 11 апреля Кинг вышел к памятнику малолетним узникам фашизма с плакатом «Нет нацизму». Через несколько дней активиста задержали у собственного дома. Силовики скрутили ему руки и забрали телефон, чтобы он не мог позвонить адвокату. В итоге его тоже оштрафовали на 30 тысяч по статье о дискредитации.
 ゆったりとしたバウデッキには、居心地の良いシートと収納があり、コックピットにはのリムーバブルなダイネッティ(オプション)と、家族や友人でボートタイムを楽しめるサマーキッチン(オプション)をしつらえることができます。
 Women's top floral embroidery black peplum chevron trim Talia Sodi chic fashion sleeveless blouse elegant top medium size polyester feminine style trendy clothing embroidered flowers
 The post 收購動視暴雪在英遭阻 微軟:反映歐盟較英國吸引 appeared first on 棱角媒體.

==

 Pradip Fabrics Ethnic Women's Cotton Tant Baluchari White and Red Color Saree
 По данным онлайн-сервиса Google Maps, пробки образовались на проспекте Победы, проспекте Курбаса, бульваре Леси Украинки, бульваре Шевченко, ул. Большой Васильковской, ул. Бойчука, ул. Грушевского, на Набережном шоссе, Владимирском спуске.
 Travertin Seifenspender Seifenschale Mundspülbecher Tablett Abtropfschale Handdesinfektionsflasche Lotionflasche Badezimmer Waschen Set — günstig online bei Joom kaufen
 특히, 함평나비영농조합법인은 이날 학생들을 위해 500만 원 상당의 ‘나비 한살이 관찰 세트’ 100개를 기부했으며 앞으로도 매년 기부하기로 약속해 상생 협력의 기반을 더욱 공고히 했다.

> TASK REQUIREMENTS: As listed above, the lines from the line with "ゆったりとしたバウデッキには" to the line with "The post 收購動視暴雪在英遭阻" are to be echoed exactly, with both ends included and nothing added.

> RESPONSE:
 ゆったりとしたバウデッキには、居心地の良いシートと収納があり、コックピットにはのリムーバブルなダイネッティ(オプション)と、家族や友人でボートタイムを楽しめるサマーキッチン(オプション)をしつらえることができます。
 Women's top floral embroidery black peplum chevron trim Talia Sodi chic fashion sleeveless blouse elegant top medium size polyester feminine style trendy clothing embroidered flowers
 The post 收購動視暴雪在英遭阻 微軟:反映歐盟較英國吸引 appeared first on 棱角媒體.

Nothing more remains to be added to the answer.